A few questions have come up from clients regarding the tax deductibility of investment management fees paid for ongoing advisory services such as those offered by Pariveda. Here’s a quick overview.

Investment management fees are considered a “below-the-line” miscellaneous expense for the taxpayer and are therefore deductible to the extent that they, combined with all other miscellaneous expenses, exceed 2% of the taxpayer’s adjusted gross income (AGI). The taxpayer is eligible for the deduction regardless of whether the account(s) in question are taxable, tax-deferred, or a combination.

However, in cases where the taxpayer falls under the Alternative Minimum Tax all “below-the-line”, including those for investment management fees, are disallowed.

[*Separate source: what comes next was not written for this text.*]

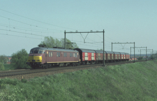 In de jaren zestig werd het in- en uitladen van postzendingen uit de reizigerstreindienst gehaald. Aanvankelijk met verbouwde ′buffer′-motorwagens, vanaf 1965 met 35 speciaal gebouwde trekkrachten werd een afzonderlijk postnet ingevoerd. De mP′s konden ook gekoppeld rijden, met elkaar en met speciale snelgoedwagens. Op 13 mei 1982 beklimt trein 133172 de brughelling bij Culemborg. Foto: Roef Ankersmit.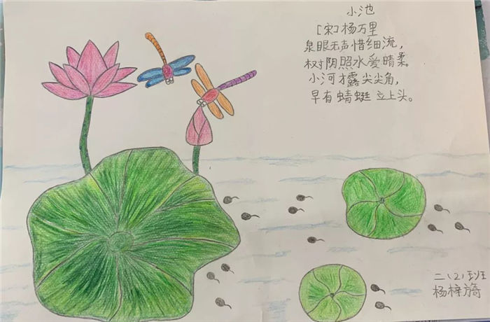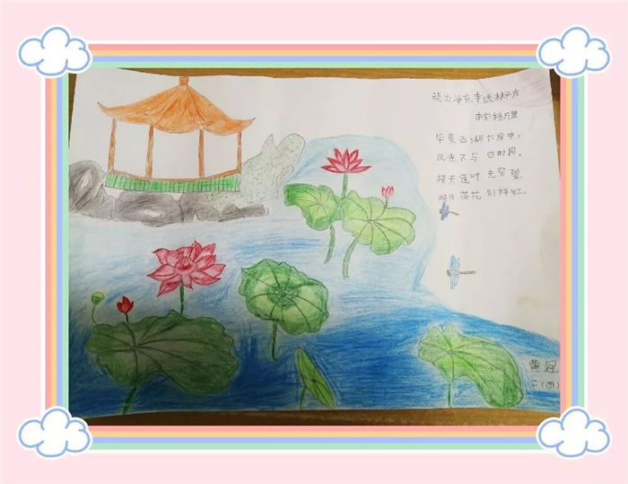 活动中,同学们为自己的古诗配上了相应的图画,把自己体会到的诗的意境、情感变成生动鲜明的图画。不少学生的作品构思独到,情景逼真富于诗意,诗与画融为一体,达到了“诗中有画、画中有诗”的艺术境界,在培养学生的想象能力的同时真实地反映出世外学子对诗歌的个性理解及他们对古诗的热爱。

Until a few years ago, there was confusion surrounding whether advisory fees paid for tax-deferred accounts such as IRAs and 401(k)’s had to paid from funds within the account, or whether these fees could be paid from outside funds, and if so, if these fees would be considered tax deductible. All this was cleared up in a 2005 private-letter ruling:

Advisers say the IRS clarified a gray area when it ruled that a wrap or asset-based fee for an IRA can be paid with outside money - and not run afoul of contribution rules - as opposed to having to be paid with pre-tax dollars from the IRA. The rule also clarified that the wrap fee paid with outside money would be tax deductible.

Interestingly, while advisory fees paid for tax-deferred accounts are deductible, brokerage commissions are not.